WASHINGTON – The U.S. economy grew at a solid 4.1 percent annual rate from July through September, the fastest pace since late 2011 and significantly higher than previously thought. Much of the upward revision came from stronger consumer spending.
The Commerce Department’s final look at growth in the summer was up from a previous estimate of 3.6 percent. Four-fifths of the revision in the report released Friday came from stronger consumer spending, mainly in the area of health care.
The 4.1 percent annual growth rate in the third quarter, as measured by the gross domestic product, came after the economy had expanded at a 2.5 percent rate in the second quarter. Much of the acceleration reflected a buildup in business stockpiles.

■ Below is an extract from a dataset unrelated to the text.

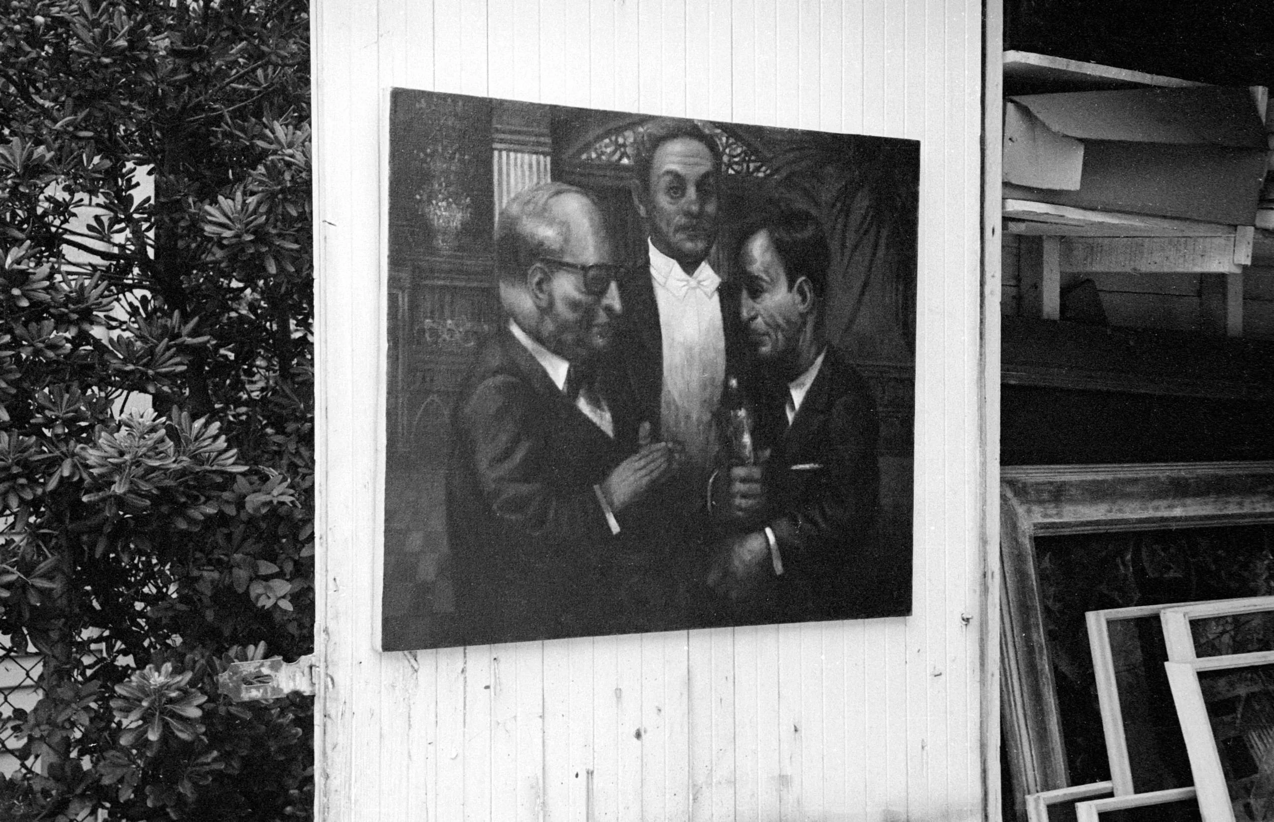 Black and white photograph of a large dark oil painting hung on a white wooden exterior wall, depicting three men in suits clustered together, one holding a bottle

On Friday, President Barack Obama pointed to the upward revision of GDP growth as one of several signs of improvement in the economy. They include four straight months of solid job growth and a drop in the unemployment rate to its lowest point in five years.
What it adds up to is we head into next year with an economy that’s stronger than it was when we started the year, Obama said. I firmly believe that 2014 can be a breakthrough year for America.
The GDP report also gave a boost to Wall Street.
Economists still expect growth to slow a bit in the October through December quarter. In part, that’s because two-fifths of the third-quarter gain in GDP came from a buildup in business stockpiles. That gain isn’t likely to be repeated in the fourth quarter.
Many analysts think growth will slow to an annual rate between 2.5 percent and 3 percent this quarter before picking up next year.
The third-quarter increase in GDP – the economy’s total output of goods and services – was the best performance since a 4.9 percent increase in the final three months of 2011.